Since the management of the troubled bank promised an update of its strategy with the publication of its third part at the end of July after its change of boss, the rumors have become even stronger. Various speculations are circulating, in particular about the future of the investment bank and a significant reduction in staff.
The rumor machine is churning
As recently as Thursday morning, the Financial Times (FT) reported that Credit Suisse was considering splitting its merchant banking arm into three separate entities, a move to sell profitable businesses precisely to avoid a capital raise.
The split would be on a model comprising three entities: the group’s advisory operations, which could later be separated, a bad bank managing risky assets for sale, and the division’s remaining business, the British daily said, citing those familiar with it Sources with The Reason.

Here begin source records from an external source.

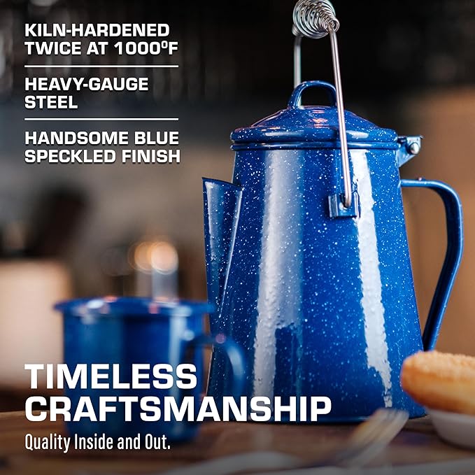 • TIMELESS CRAFTSMANSHIP—Built for the Wild, Crafted for a Lifetime – The COLETTI camping coffee pot is built to outlast the journey. Forged from reinforced steel and coated with imported German enamel, this camp kettle embodies classic outdoor cookware. Whether brewing cowboy coffee over open flames or boiling water on a stovetop, it delivers hot, pure, and steady coffee—because every great adventure starts with great coffee.
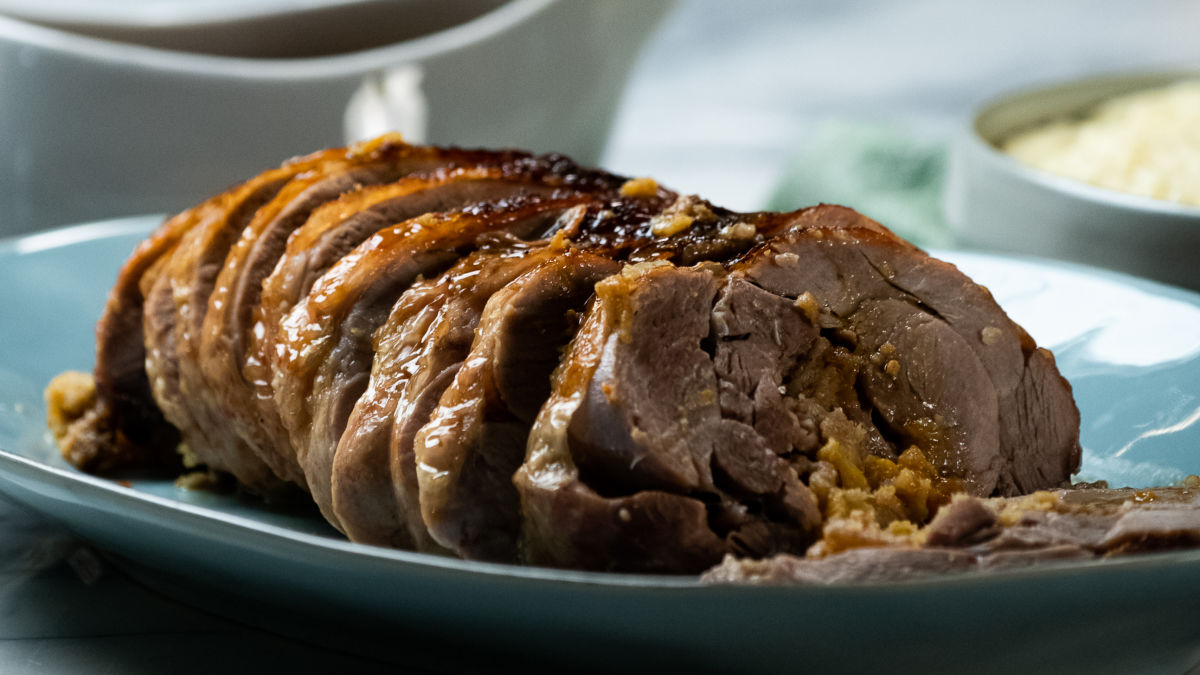 Perna de Peru Recheada com Alheira e Alperce, e Puré de Mandioca
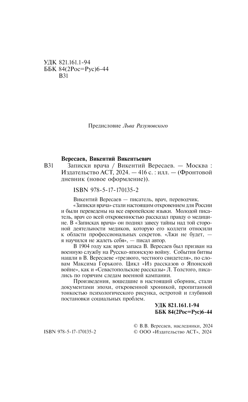 Литературный дебют Вересаева. Автобиографическая книга, которая впервые увидела свет в 1901 году – и сразу принесла молодому автору широкую известность.
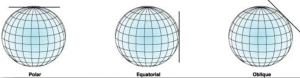 در مورد سیستم تصویر سمتی یا آزیموتی چنانچه صفحه در نقطه اي در استوا با کره مماس گردد به آن حالت استوایی گفته می شود و چنانچه با قطب مماس باشد به آن حالت قطبی وچنانچه در نقطه دیگر مماس باشد به آن حالت مایل گفته می شود .
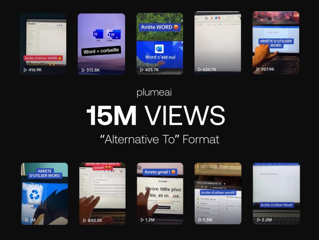 Plume is a French app, an AI-powered alternative to Google Word, and they’ve been surfing on the “Stop Using Word” hook to generate dozens of viral videos.

By the time of former CEO Tidjane Thiam, the second-largest Swiss bank had already set up a defeasance department, the Strategic Resolution Unit (SRU), which consolidated the company’s unprofitable activities under one roof, or to transfer it for other reasons.
The Sunday newspaper had already spoken of a major dismantling of the Credit Suisse investment bank at the beginning of September. According to a preliminary scenario, which is to be discussed in the Zurich company’s board of directors, around 5,000 jobs could be cut as part of this restructuring.
Last week, Bloomberg reported that the two-veiled bank was considering reintroducing its US investment banking business under the name First Boston, taking the name of the company it acquired in the mid-1990s. “Credit Suisse First Boston” was discontinued in 2006.